▶ Aim of the task: For the listing below, the answer is an exact retyping of the lines from the one with "Pepsi creó 1.893" through the one with "있습니다. (사진=AFP) 애런", both included, without pictures.

▶ The input:
========================================================================

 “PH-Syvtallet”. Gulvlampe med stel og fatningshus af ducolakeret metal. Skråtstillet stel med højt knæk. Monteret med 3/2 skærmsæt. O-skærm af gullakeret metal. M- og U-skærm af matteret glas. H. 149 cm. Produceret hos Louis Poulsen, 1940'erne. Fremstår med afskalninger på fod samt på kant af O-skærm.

========================================================================

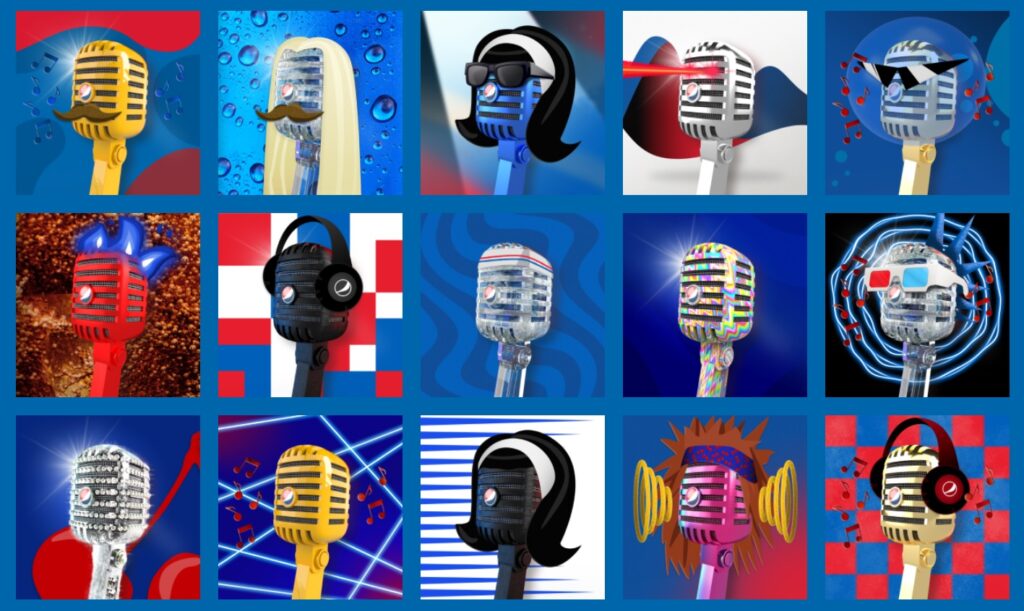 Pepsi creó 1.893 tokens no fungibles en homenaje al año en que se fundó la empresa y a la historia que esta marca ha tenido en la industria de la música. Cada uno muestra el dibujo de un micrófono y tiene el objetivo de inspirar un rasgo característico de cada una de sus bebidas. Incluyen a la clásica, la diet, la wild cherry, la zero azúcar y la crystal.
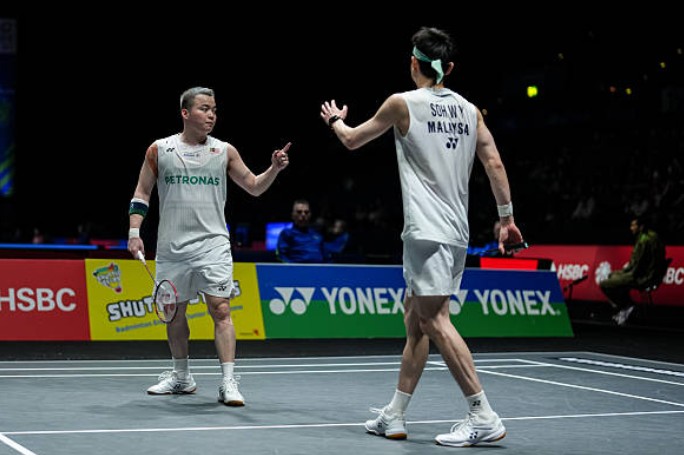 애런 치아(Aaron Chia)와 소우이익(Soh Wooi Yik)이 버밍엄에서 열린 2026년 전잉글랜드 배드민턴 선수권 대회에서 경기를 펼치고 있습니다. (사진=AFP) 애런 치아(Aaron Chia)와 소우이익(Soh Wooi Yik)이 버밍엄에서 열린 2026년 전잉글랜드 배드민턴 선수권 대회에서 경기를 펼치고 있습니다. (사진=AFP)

========================================================================

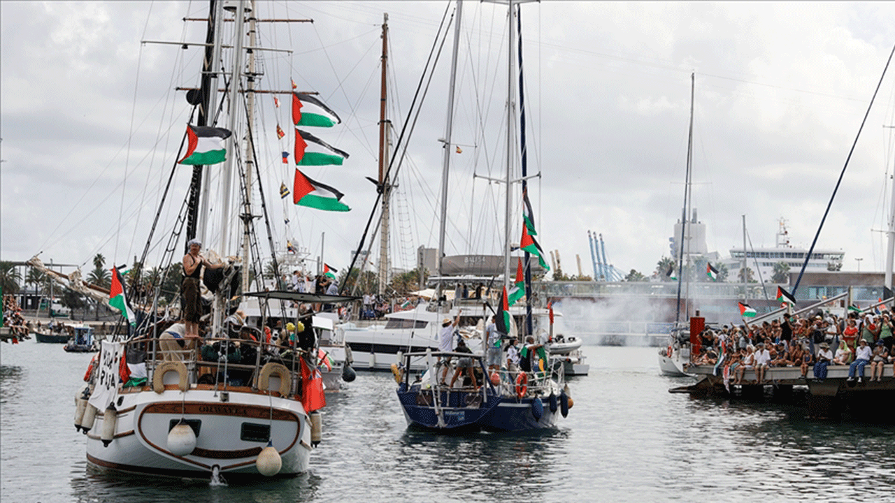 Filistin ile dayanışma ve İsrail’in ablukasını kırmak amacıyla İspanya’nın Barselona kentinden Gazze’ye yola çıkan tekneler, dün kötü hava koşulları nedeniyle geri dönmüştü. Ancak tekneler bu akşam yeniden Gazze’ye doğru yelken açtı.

========================================================================

▶ Reply to the exercise:
 Pepsi creó 1.893 tokens no fungibles en homenaje al año en que se fundó la empresa y a la historia que esta marca ha tenido en la industria de la música. Cada uno muestra el dibujo de un micrófono y tiene el objetivo de inspirar un rasgo característico de cada una de sus bebidas. Incluyen a la clásica, la diet, la wild cherry, la zero azúcar y la crystal.
 애런 치아(Aaron Chia)와 소우이익(Soh Wooi Yik)이 버밍엄에서 열린 2026년 전잉글랜드 배드민턴 선수권 대회에서 경기를 펼치고 있습니다. (사진=AFP) 애런 치아(Aaron Chia)와 소우이익(Soh Wooi Yik)이 버밍엄에서 열린 2026년 전잉글랜드 배드민턴 선수권 대회에서 경기를 펼치고 있습니다. (사진=AFP)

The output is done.